> **TASK BRIEF**
Give back an exact copy of the listing that follows, without the pictures.
* * *
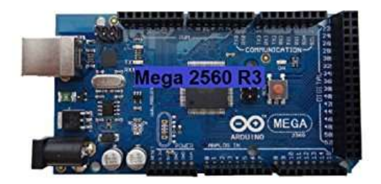
Fig. 2 ATMEGA 2560 Controller

operates between 4.5-5.5 volts. By executing powerful instructions in a single clock cycle, the device achieves a throughput approaching 1 MIPS per Hz balancing power consumption and processing speed.
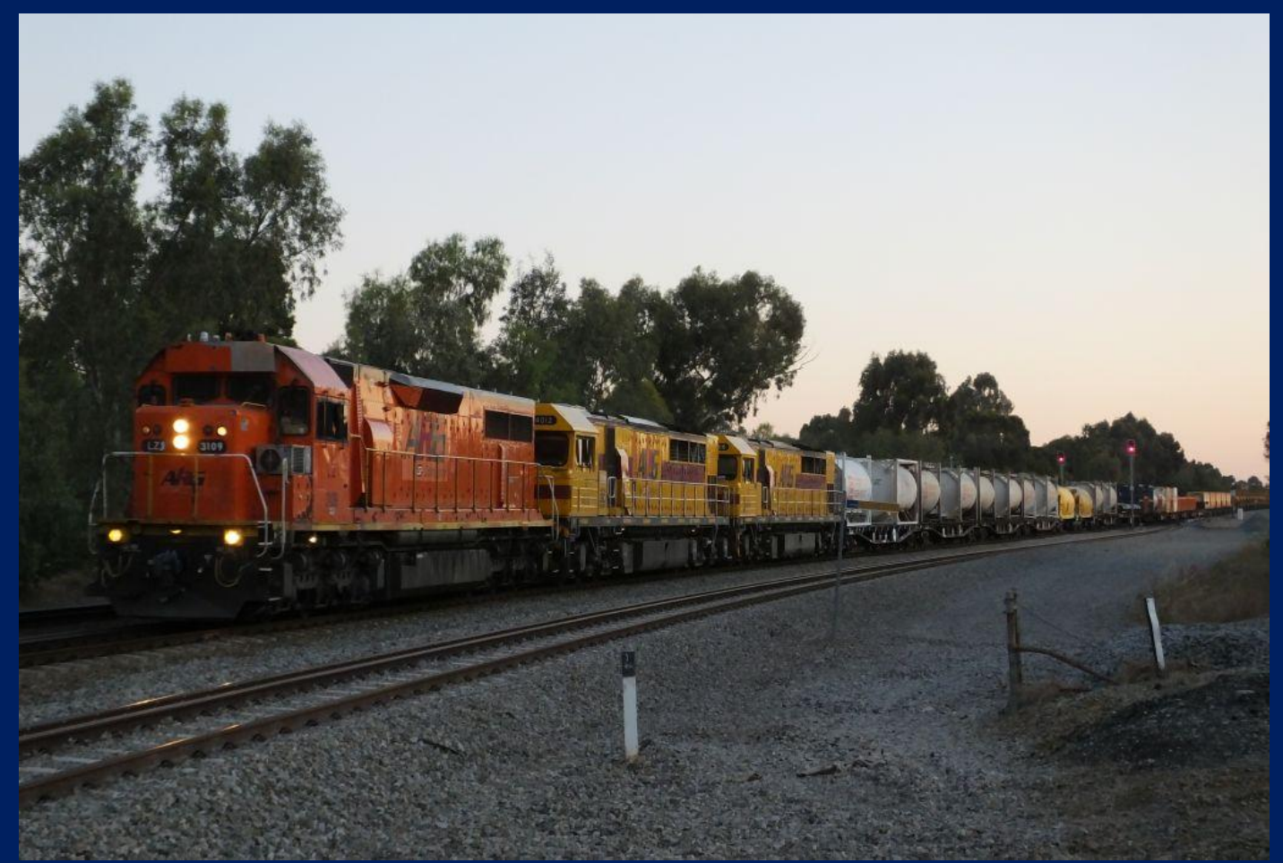
LZ3109, Q4012 & Q4016 on 1025 Kalgoorlie freight at Woodbridge 15th November.
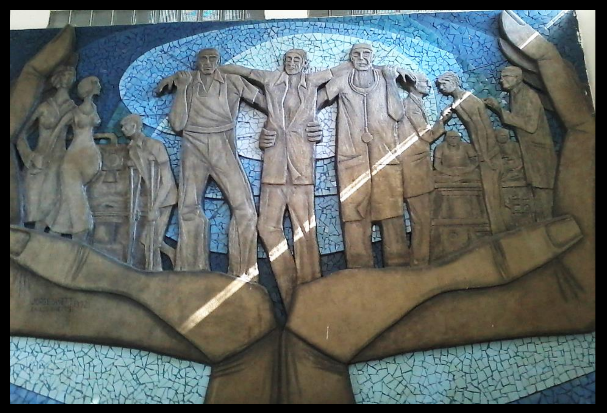
Healing Mural -- Hospital Teodoro Maldonado Carbo, Guayaquil, Ecuador
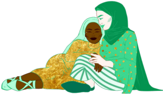
Image Description: Two hijabi Muslims sit together and hold hands.

“I sometimes felt like I wasn’t queer enough for society...I wondered if I would be more acceptable to people as a queer hijabi if they knew I had short hair and if I rejected any identity that would associate me with my Arabness or Muslimness? But I learned to be unapologetic about my Muslimness in queer spaces, forcing people to realize that queer Muslims exist.”
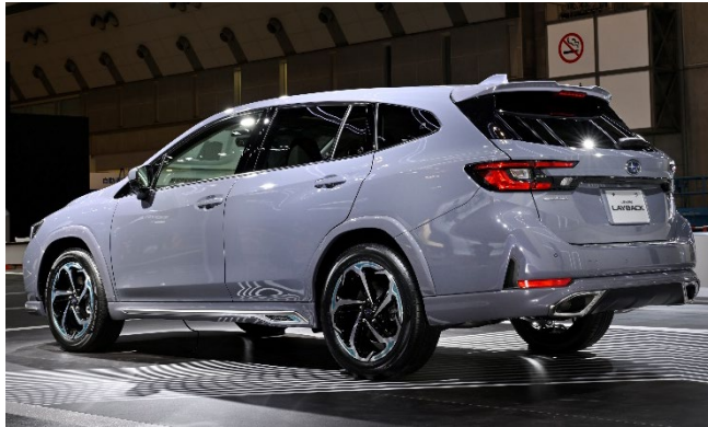
Levorg Layback Limited EX Genuine Accessory Parts equipped model (Japanese specification model)

Levorg Layback with Subaru genuine accessories, which expresses its high quality and sophisticated style by coordinating the cladding with the body color.
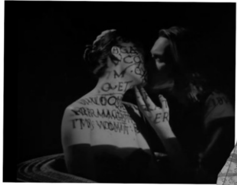
THE PILLOW BOOK (1996)
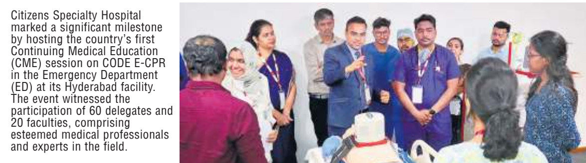
Citizens Specialty Hospital marked a significant milestone by hosting the country's first Continuing Medical Education (CME) session on CODE E-CPR in the Emergency Department (ED) at its Hyderabad facility. The event witnessed the participation of 60 delegates and 20 faculties, comprising esteemed medical professionals and experts in the field.
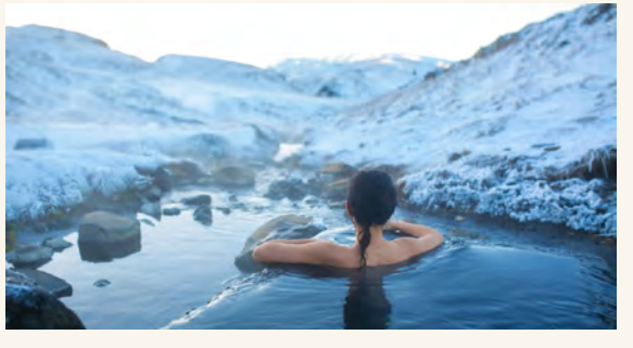
Immerse yourself in Iceland's majestic fjords
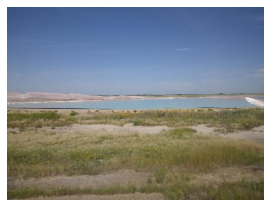
Solution pond PotashCorp Patience Lake
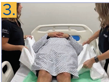
3. Use the draw or bed sheet to reposition the patient to the center of the bed or stretcher.
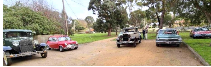
A mixture of classics with the nakeds

With the outskirts of Geelong coming into the further view, we turned left into Friend In Hand Road (ummmm - that had to be named after an old pub run by a Britisher!) back towards
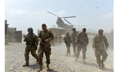
AFTER FOURTEEN YEARS of war the theory is that we may be in a hole but we might as well just keep digging.

"We need blight," explained another planner frankly. "We're thinking of hiring graffiti artists to help.'
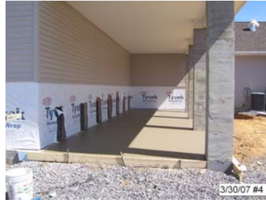
Outside view of the dog kennels

Follow the progress of the building at www.centercountypaws.org
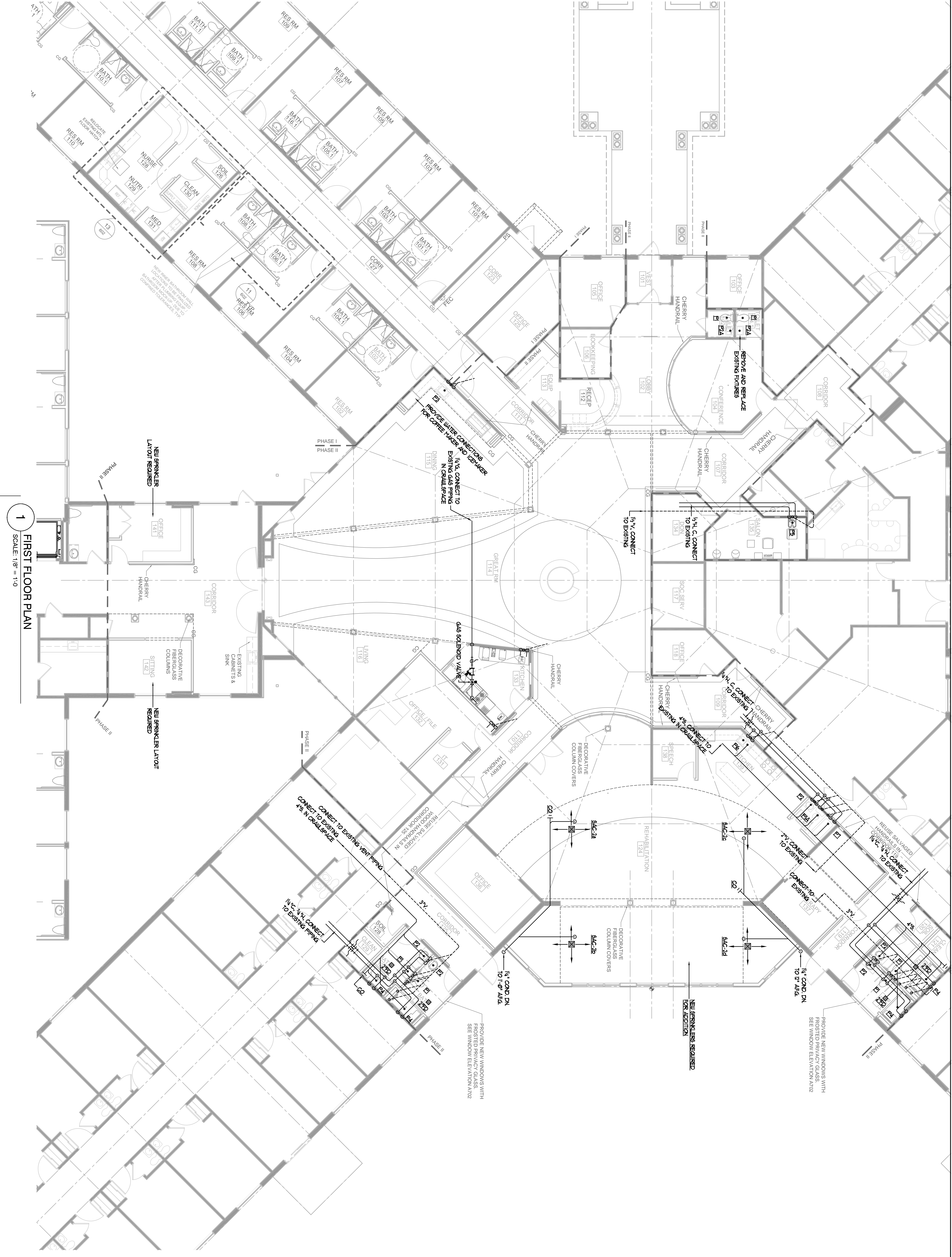
1 FIRST FLOOR PLAN SCALE: 1/8" = 1'-0"
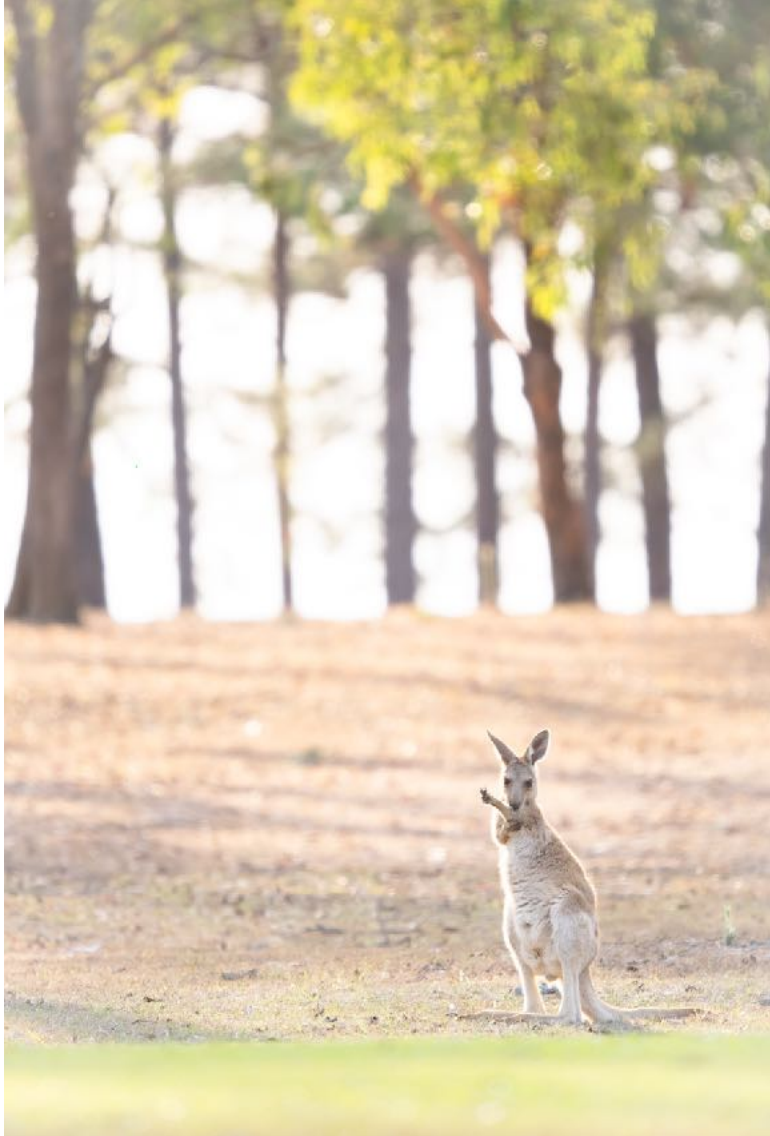
Eastern Gray Kangaroo
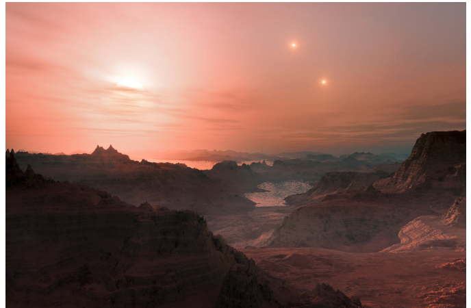
Artist's impression of a sunset seen from the surface of an Earth-like exoplanet.

"Too much landmass is a problem, as it restricts the amount of surface water, thereby making most of the continents very arid," said Lingam. "Arid ecosystems are typically characterized by low rates of biomass production on Earth. Instead, if one considers the opposite scenario (i.e. mostly oceans), one encounters a potential issue with the availability of phosphorus, which is one of the essential elements for life-as-we-know-it. Hence, this could result in a bottleneck on the amount of biomass."
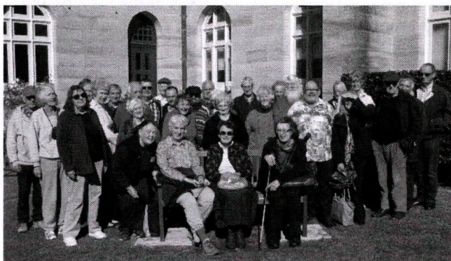
Members in grounds of Kincoppal

Note Whilst the precise whereabouts of Wentworth's Petersham house remains unclear, he is recognised locally by Wentworth Street and the house at 99 Brighton Street, which is named Wentworth .
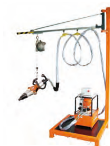
Spreader fastened to crane by means of balancer
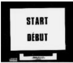
Kootenay Agency - Kootenay Residential School - Livestock - Accounts, 1925-1944 (2096121)
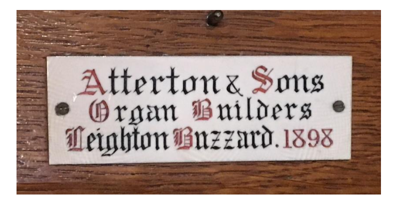
Case and name plate

Below: front of organ with panelling removed, and pallet box cover, showing pallets, green plastic eye inserts from 1985, etc. The white strip on the front of the soundboard is the masking tape. The pallets are faced with two layers of thick leather. The surface of the soundboard under the pallets is clean, as if it was planed flat in 1985
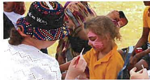
Our talented staff face painted over 40 kids!
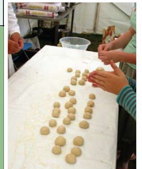
The picture shows children shaping bread dough on the RNAA 'Over the Farmers' Hedge' stand.

Comments from schools included: "It was a superb day; the trails gave the day a focus and purpose which added to the enjoyment of all."
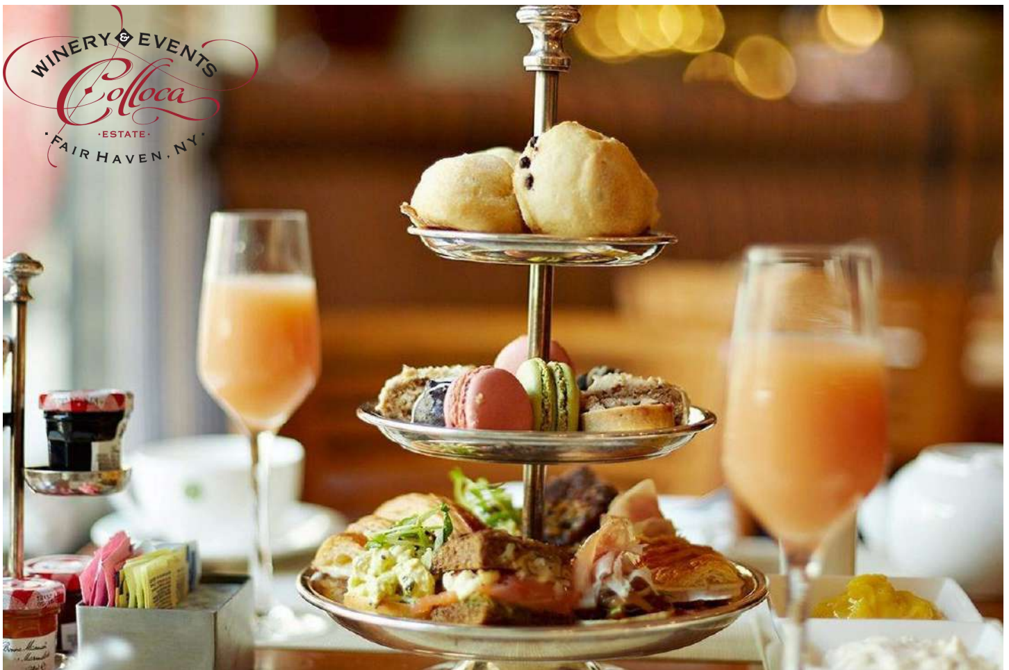
ENGLISH HIGH TEA PARTY BRUNCH

HOUSE MADE SCONES WITH HOMEMADE JAM AND CLOTTED CREAM YOGURT PARFAITS INDIVIDUALLY PREPARED WITH GRANOLA AND FRESH BERRIES FRESH FRUIT SALAD VINEYARD SALAD WITH GRAPES, WALNUTS AND BRIE QUICHE FLORENTINE WITH CHEESE, SPINACH AND MUSHROOMS ASSORTED FINGER SANDWICHES TURKEY & SPINACH, HAM & CHEESE, EGG SALAD, & TUNA SALAD WITH CUCUMBER SALMON GRAVLAX WITH TOASTS, LEMON, CREAM CHEESE, CAPERS, & RED ONION TEA CAKES
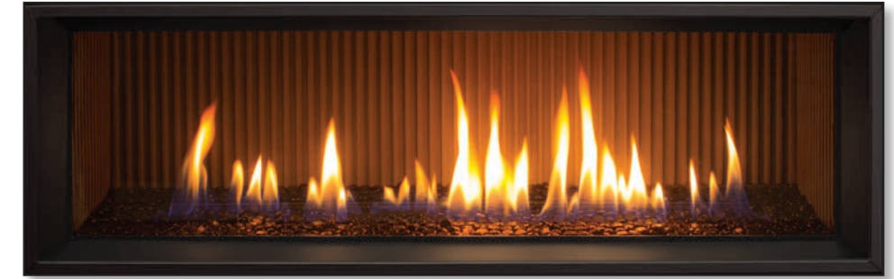
Fluted Liner – Full Glass Tray
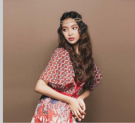
NewJeans - 헤인 : 화보, DOUCAN DRESS 착용
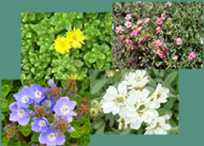
Sun-loving groundcovers include yellow iceplant, sun rose, Greek yarrow, and Turkish Veronica
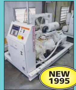
(3) 40 HP Gardner Denver Model EBHQHB Skid Mount Rotary Screw Air Compressors
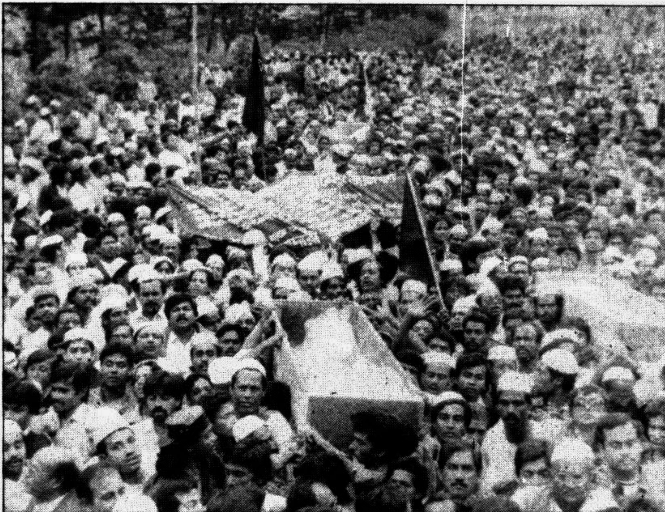
Mourners carrying the coffins of the six who were killed in a post-election violence in the city's Lalbagh area Monday, after the Namaz-e-Janaza at the Baitul Mukarram Mosque yesterday.
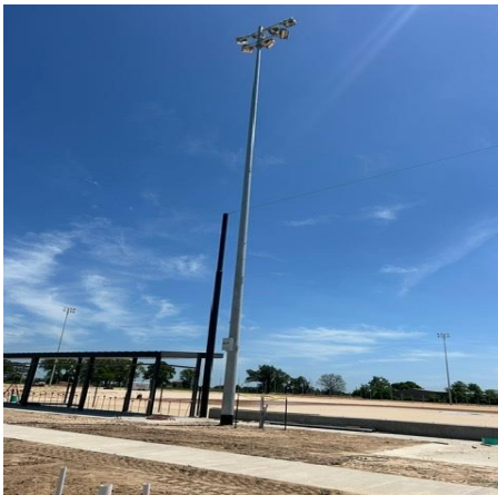
Baseball 3 rd Base dugout
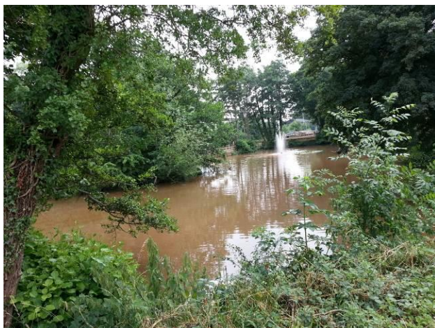
Photograph 1: Pond P1 located adjacent to the sites eastern boundary
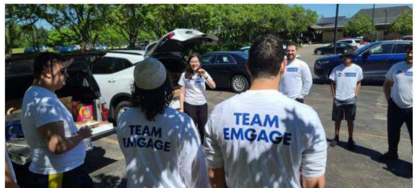
Emgage Michigan workers organize before knocking on doors in Detroit suburbs before August 2022 primaries.
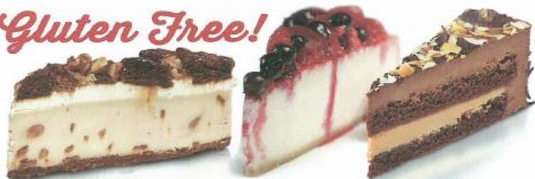
TURTLE CHEESECAKE • VERY BERRY CHEESECAKE • CHOCOLATE ALMOND TORTE
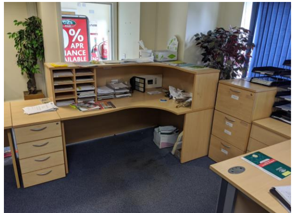
Modern office furniture and equipment
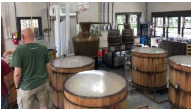
...which actually produced some fine bourbon. Talked a bit with the master distiller who had worked at some of the large guys in his past. Nice operation!
* * *
> **RESPONSE TO THE EXERCISE**
Fig. 2 ATMEGA 2560 Controller

operates between 4.5-5.5 volts. By executing powerful instructions in a single clock cycle, the device achieves a throughput approaching 1 MIPS per Hz balancing power consumption and processing speed.
LZ3109, Q4012 & Q4016 on 1025 Kalgoorlie freight at Woodbridge 15th November.
Healing Mural -- Hospital Teodoro Maldonado Carbo, Guayaquil, Ecuador
Image Description: Two hijabi Muslims sit together and hold hands.

“I sometimes felt like I wasn’t queer enough for society...I wondered if I would be more acceptable to people as a queer hijabi if they knew I had short hair and if I rejected any identity that would associate me with my Arabness or Muslimness? But I learned to be unapologetic about my Muslimness in queer spaces, forcing people to realize that queer Muslims exist.”
Levorg Layback Limited EX Genuine Accessory Parts equipped model (Japanese specification model)

Levorg Layback with Subaru genuine accessories, which expresses its high quality and sophisticated style by coordinating the cladding with the body color.
THE PILLOW BOOK (1996)
Citizens Specialty Hospital marked a significant milestone by hosting the country's first Continuing Medical Education (CME) session on CODE E-CPR in the Emergency Department (ED) at its Hyderabad facility. The event witnessed the participation of 60 delegates and 20 faculties, comprising esteemed medical professionals and experts in the field.
Immerse yourself in Iceland's majestic fjords
Solution pond PotashCorp Patience Lake
3. Use the draw or bed sheet to reposition the patient to the center of the bed or stretcher.
A mixture of classics with the nakeds

With the outskirts of Geelong coming into the further view, we turned left into Friend In Hand Road (ummmm - that had to be named after an old pub run by a Britisher!) back towards
AFTER FOURTEEN YEARS of war the theory is that we may be in a hole but we might as well just keep digging.

"We need blight," explained another planner frankly. "We're thinking of hiring graffiti artists to help.'
Outside view of the dog kennels

Follow the progress of the building at www.centercountypaws.org
1 FIRST FLOOR PLAN SCALE: 1/8" = 1'-0"
Eastern Gray Kangaroo
Artist's impression of a sunset seen from the surface of an Earth-like exoplanet.

"Too much landmass is a problem, as it restricts the amount of surface water, thereby making most of the continents very arid," said Lingam. "Arid ecosystems are typically characterized by low rates of biomass production on Earth. Instead, if one considers the opposite scenario (i.e. mostly oceans), one encounters a potential issue with the availability of phosphorus, which is one of the essential elements for life-as-we-know-it. Hence, this could result in a bottleneck on the amount of biomass."
Members in grounds of Kincoppal

Note Whilst the precise whereabouts of Wentworth's Petersham house remains unclear, he is recognised locally by Wentworth Street and the house at 99 Brighton Street, which is named Wentworth .
Spreader fastened to crane by means of balancer
Kootenay Agency - Kootenay Residential School - Livestock - Accounts, 1925-1944 (2096121)
Case and name plate

Below: front of organ with panelling removed, and pallet box cover, showing pallets, green plastic eye inserts from 1985, etc. The white strip on the front of the soundboard is the masking tape. The pallets are faced with two layers of thick leather. The surface of the soundboard under the pallets is clean, as if it was planed flat in 1985
Our talented staff face painted over 40 kids!
The picture shows children shaping bread dough on the RNAA 'Over the Farmers' Hedge' stand.

Comments from schools included: "It was a superb day; the trails gave the day a focus and purpose which added to the enjoyment of all."
ENGLISH HIGH TEA PARTY BRUNCH

HOUSE MADE SCONES WITH HOMEMADE JAM AND CLOTTED CREAM YOGURT PARFAITS INDIVIDUALLY PREPARED WITH GRANOLA AND FRESH BERRIES FRESH FRUIT SALAD VINEYARD SALAD WITH GRAPES, WALNUTS AND BRIE QUICHE FLORENTINE WITH CHEESE, SPINACH AND MUSHROOMS ASSORTED FINGER SANDWICHES TURKEY & SPINACH, HAM & CHEESE, EGG SALAD, & TUNA SALAD WITH CUCUMBER SALMON GRAVLAX WITH TOASTS, LEMON, CREAM CHEESE, CAPERS, & RED ONION TEA CAKES
Fluted Liner – Full Glass Tray
NewJeans - 헤인 : 화보, DOUCAN DRESS 착용
Sun-loving groundcovers include yellow iceplant, sun rose, Greek yarrow, and Turkish Veronica
(3) 40 HP Gardner Denver Model EBHQHB Skid Mount Rotary Screw Air Compressors
Mourners carrying the coffins of the six who were killed in a post-election violence in the city's Lalbagh area Monday, after the Namaz-e-Janaza at the Baitul Mukarram Mosque yesterday.
Baseball 3 rd Base dugout
Photograph 1: Pond P1 located adjacent to the sites eastern boundary
Emgage Michigan workers organize before knocking on doors in Detroit suburbs before August 2022 primaries.
TURTLE CHEESECAKE • VERY BERRY CHEESECAKE • CHOCOLATE ALMOND TORTE
Modern office furniture and equipment
...which actually produced some fine bourbon. Talked a bit with the master distiller who had worked at some of the large guys in his past. Nice operation!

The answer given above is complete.